You can slash the saturated fat in this recipe by using 1 teaspoon of olive or avocado oil instead of coconut oil, Taub-Dix says.
Get the Microwave Egg and Veggie Breakfast Bowl recipe and nutrition info here.
2. Pumpkin Spice Muffin
- Calories: 261
- Protein: 11 grams
Not just for PSL season, this high-protein pumpkin spice muffin might just make a regular rotation in your morning menu all year long.
Low in calories and high in nutrients, one cup of powerhouse pumpkin packs the same amount of potassium as a cup of sliced banana. And pumpkin contains more than 200 percent of the recommended daily intake of vitamin A, which is vital for vision, your immune system, healthy reproduction and proper organ function, per the National Institutes of Health.
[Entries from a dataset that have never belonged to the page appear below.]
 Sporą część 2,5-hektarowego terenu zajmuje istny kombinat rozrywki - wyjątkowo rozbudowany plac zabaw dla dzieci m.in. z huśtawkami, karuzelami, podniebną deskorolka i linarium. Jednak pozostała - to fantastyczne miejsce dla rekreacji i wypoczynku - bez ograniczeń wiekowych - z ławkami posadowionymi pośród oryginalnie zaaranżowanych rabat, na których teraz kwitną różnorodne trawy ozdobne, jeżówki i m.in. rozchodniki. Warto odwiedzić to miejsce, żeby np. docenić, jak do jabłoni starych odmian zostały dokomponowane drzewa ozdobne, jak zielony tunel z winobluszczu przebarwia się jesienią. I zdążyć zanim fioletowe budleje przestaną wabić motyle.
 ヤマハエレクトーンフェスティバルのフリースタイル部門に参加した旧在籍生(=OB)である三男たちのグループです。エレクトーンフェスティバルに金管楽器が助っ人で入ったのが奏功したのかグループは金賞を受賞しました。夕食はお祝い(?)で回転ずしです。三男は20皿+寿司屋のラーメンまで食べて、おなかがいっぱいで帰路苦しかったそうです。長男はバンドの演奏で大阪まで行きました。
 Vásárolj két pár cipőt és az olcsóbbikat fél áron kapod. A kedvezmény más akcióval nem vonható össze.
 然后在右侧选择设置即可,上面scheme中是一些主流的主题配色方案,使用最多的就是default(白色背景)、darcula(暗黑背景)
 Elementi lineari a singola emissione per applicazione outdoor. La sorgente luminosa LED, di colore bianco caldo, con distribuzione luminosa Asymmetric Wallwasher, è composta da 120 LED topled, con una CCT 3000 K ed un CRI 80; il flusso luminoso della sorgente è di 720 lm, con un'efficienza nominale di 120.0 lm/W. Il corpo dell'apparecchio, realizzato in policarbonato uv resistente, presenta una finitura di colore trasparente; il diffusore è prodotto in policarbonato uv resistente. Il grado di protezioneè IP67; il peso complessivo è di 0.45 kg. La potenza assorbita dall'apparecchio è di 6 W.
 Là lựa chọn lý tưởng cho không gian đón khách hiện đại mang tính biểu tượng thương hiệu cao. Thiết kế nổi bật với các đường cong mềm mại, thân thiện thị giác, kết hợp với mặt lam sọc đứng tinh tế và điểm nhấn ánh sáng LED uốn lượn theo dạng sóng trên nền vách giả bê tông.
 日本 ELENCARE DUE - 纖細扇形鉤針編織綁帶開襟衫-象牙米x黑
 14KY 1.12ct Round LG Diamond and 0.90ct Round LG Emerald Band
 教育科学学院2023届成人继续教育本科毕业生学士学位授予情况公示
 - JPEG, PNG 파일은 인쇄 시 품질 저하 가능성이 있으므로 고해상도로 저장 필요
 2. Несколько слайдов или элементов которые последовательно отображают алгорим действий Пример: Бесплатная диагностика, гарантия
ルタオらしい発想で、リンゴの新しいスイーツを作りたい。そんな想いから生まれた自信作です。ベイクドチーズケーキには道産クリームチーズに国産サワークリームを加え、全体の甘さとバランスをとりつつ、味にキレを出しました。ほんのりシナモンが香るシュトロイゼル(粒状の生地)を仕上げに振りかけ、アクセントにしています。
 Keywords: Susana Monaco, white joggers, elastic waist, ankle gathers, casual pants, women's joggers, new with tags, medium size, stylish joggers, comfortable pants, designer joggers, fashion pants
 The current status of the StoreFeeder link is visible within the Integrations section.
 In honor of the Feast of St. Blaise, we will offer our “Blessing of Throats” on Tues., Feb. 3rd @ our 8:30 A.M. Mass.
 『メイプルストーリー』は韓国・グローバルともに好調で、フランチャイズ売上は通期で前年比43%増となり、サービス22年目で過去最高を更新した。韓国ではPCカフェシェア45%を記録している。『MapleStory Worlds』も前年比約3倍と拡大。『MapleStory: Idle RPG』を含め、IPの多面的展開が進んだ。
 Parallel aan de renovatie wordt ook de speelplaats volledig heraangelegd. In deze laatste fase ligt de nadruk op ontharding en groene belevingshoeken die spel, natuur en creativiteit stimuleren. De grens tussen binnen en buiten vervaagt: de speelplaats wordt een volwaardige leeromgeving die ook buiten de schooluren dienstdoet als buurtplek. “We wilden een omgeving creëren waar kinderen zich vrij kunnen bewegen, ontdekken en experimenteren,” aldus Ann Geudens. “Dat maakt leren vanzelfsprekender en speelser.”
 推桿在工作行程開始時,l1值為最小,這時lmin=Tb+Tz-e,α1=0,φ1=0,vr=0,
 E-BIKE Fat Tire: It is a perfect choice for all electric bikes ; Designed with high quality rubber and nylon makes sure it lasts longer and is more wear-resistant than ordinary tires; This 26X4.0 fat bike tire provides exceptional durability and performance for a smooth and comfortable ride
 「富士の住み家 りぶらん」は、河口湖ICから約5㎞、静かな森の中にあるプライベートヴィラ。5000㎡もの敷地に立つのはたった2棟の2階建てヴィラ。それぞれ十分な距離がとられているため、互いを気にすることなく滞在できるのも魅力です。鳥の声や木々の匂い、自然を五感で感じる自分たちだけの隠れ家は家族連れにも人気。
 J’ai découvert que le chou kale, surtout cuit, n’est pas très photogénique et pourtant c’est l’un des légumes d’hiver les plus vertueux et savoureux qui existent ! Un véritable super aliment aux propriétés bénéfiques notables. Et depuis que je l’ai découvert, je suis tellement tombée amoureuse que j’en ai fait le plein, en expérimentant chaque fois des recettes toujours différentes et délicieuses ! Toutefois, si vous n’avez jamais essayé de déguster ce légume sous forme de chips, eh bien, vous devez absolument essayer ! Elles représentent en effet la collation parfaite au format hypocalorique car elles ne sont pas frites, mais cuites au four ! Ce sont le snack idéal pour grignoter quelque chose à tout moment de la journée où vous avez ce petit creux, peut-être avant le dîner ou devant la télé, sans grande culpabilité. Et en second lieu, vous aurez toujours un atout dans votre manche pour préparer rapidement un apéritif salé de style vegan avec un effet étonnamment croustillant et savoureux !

And for those with a sweet tooth, this recipe's hint of honey (a mere teaspoon) is just enough to quench your cravings without overdoing it on the calories and sugar. Sprinkle some cinnamon on top for an extra dose of spice and antioxidants.
Get the Pumpkin Spice Muffin recipe and nutrition info here.
3. Middle Eastern Eggs in a Mug
- Calories: 332
- Protein: 16 grams
This Middle Eastern-inspired microwave breakfast features scrambled eggs whipped together with extra-virgin olive oil, lemon juice, scallions and grape tomatoes.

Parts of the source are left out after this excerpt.